In an important piece of research recently released, two smart analysts have put numbers to what many of us active in economic development in New York State have long been saying: there exists a deep, fundamental mismatch between the stylistic preferences of regionally based venture-capital firms and the kinds of innovation emerging from the state’s university R&D community.
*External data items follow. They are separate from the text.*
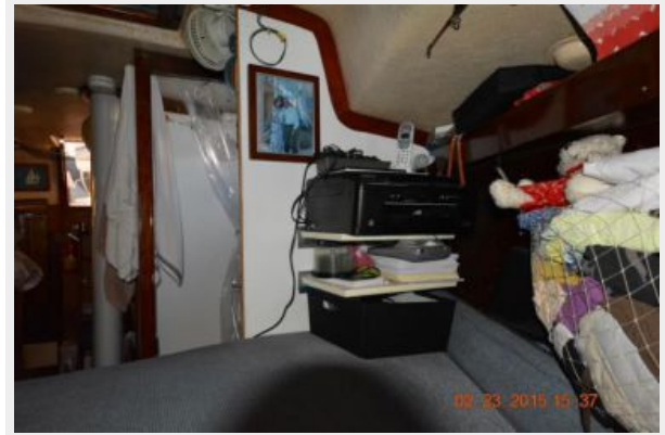
Forward stateroom facing aft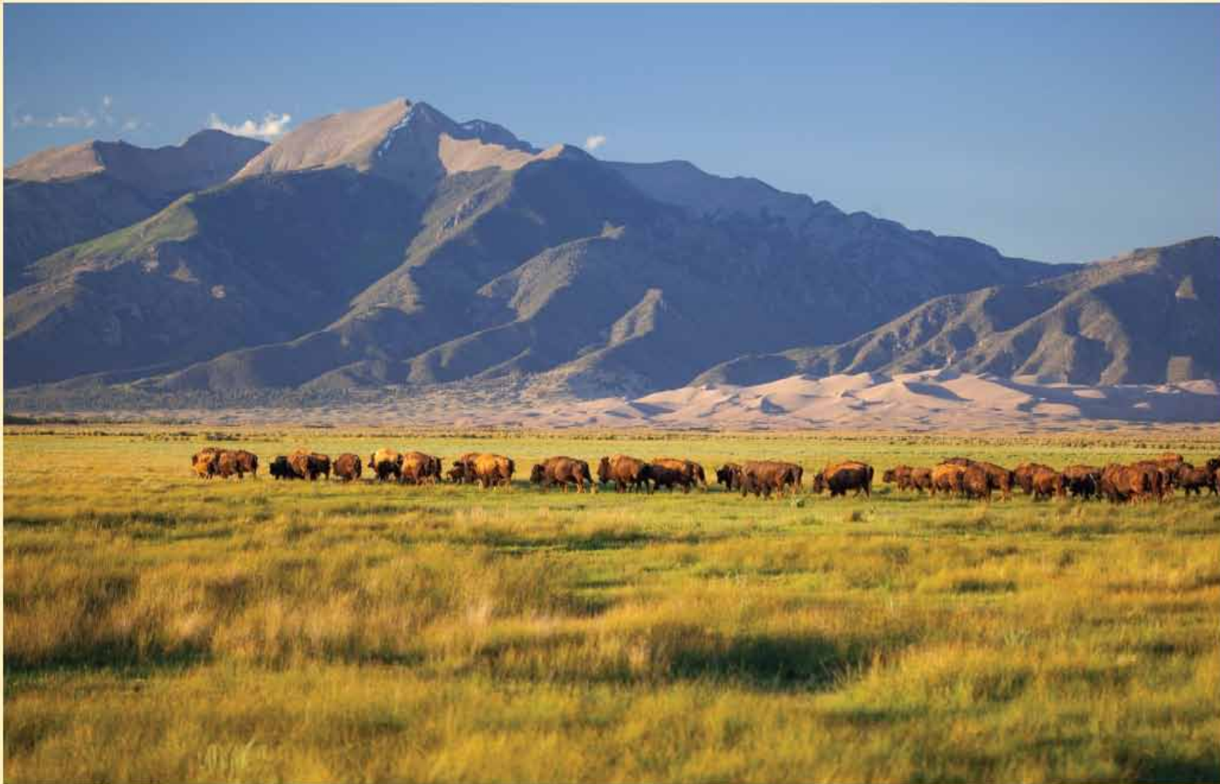
Blown below the Sangre de Cristo Mountains—Medano-Zapata Ranch, Alamosa County. National Register of Historic Places—Los Caminos Antiguos Scenic & Historic Byway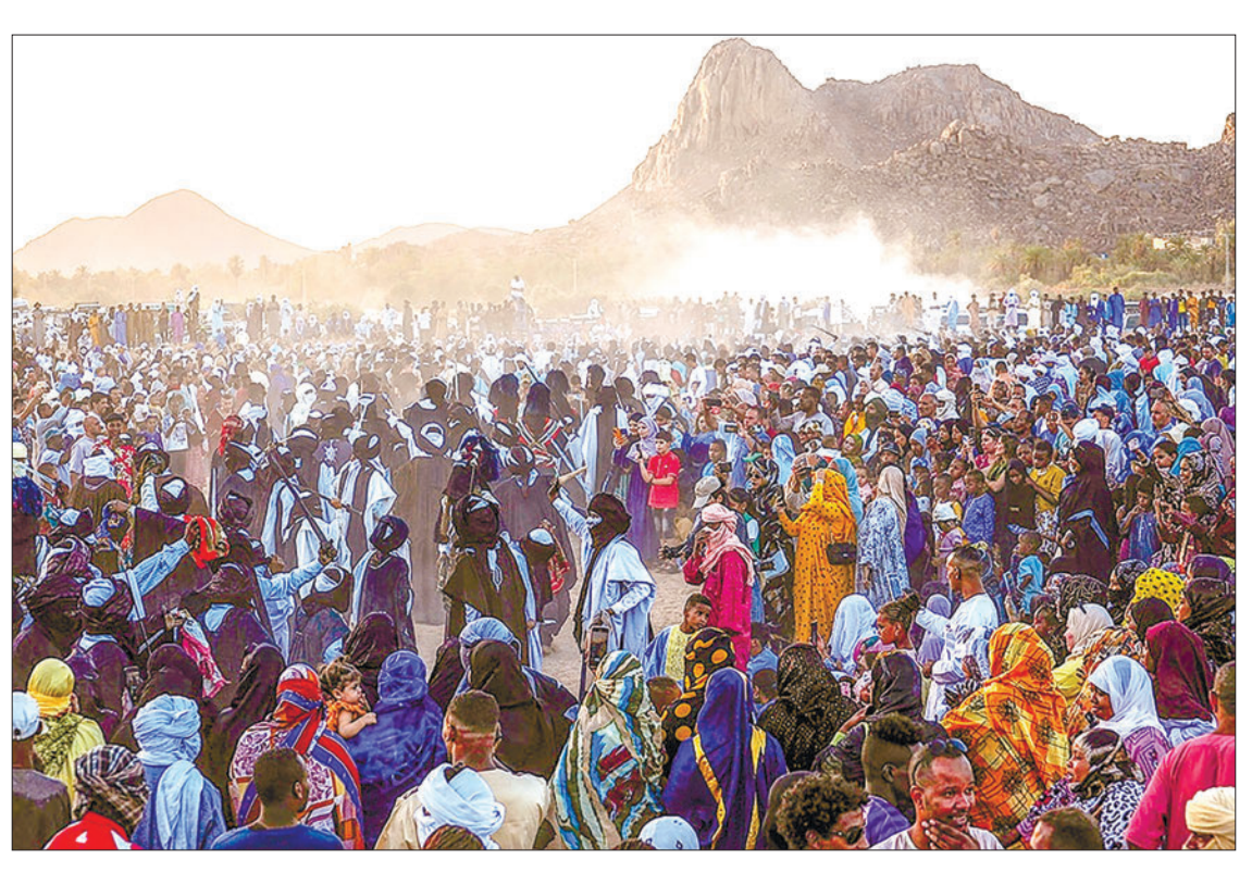
People attend the Sebeiba Festival, a yearly celebration of Tuareg culture, in the oasis town of Djanet in southeastern Algeria. PHOTO: AFP

The men parade their weapons and "then stand in a ritual circle rattling their swords continuously as the women sing traditional songs to the rhythm of the tambourine", says the UN cultural organization. — AFP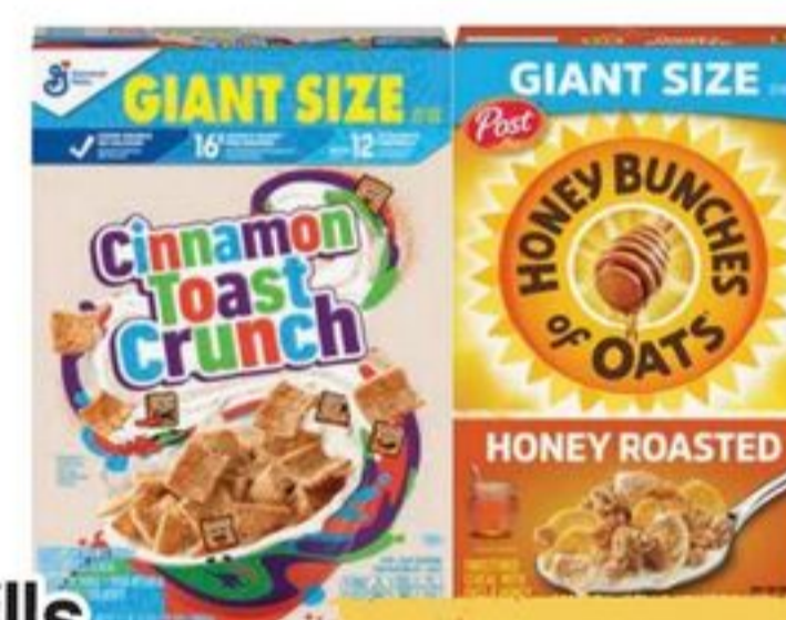
Cereales Post o General Mills Cereal Selected Varieties 23-27 oz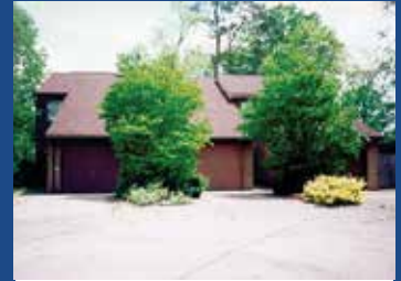
Melody T. Farms Inc. 304-736-2345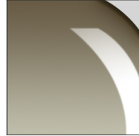
Tobacco - TOB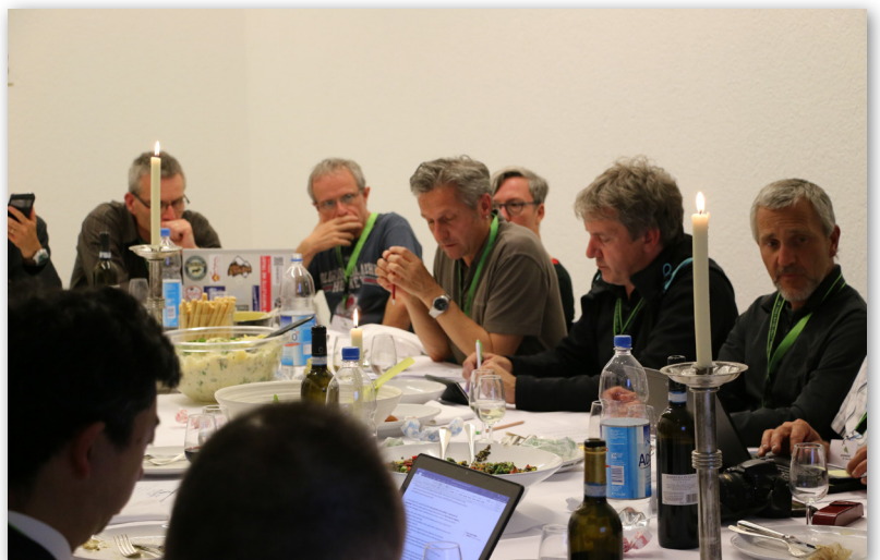
Abb. 4: Der Summit 2016 wurde während des Kongresses in Luzern (CH) im Rahmen eines Arbeitsessens abgehalten.

on all published contributions, and each Interpraevent member had the chance to discuss its point of view at a common dinner. A comprehension of this discussion with the central results and an outlook can be found in the annex of this business report.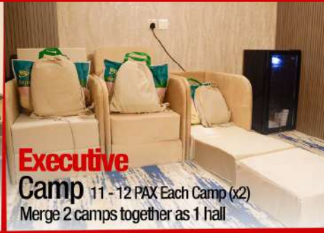
Executive Camp 11 - 12 PAX Each Camp (x2) Merge 2 camps together as 1 hall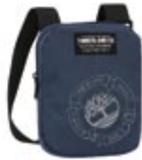
40192 (79*002) Mini Shoulder Bag (1L) cm 19 x 16 x 2 7" x 6" x 1"

The study by Judy Albers and Tom Moebus – both well known and respected players in the statewide innovation ecosystem ((Judy, now an entrepreneurship professor at SUNY Geneseo co-founded the Pre Seed Workshop program, and Tom runs several innovation programs for the SUNY Research Foundation)) – employs data from NVCA and other sources to nail the case that while the amount of venture capital under management in New York City is rising, it is specializing heavily in digital technologies (IT, software, media) and focusing on capital-efficient “quick hits,” often at the expansion phase, with high potential for fast liquidity and outsized returns. Almost none of that potential is available upstate, and consequently almost no regionally managed capital goes there.

The authors show that while the VC industry in California and Massachusetts is more eclectic in its tastes, only a very small share of that money comes to New York to begin with, and exceptionally little makes its way upstate. That leaves ventures in what Albers and Moebus call the hard sciences (subdivided into the engineering technologies and life sciences) a long, hard slog with few early-stage investors (and almost no seed investors) either based here or deploying money anywhere in the state.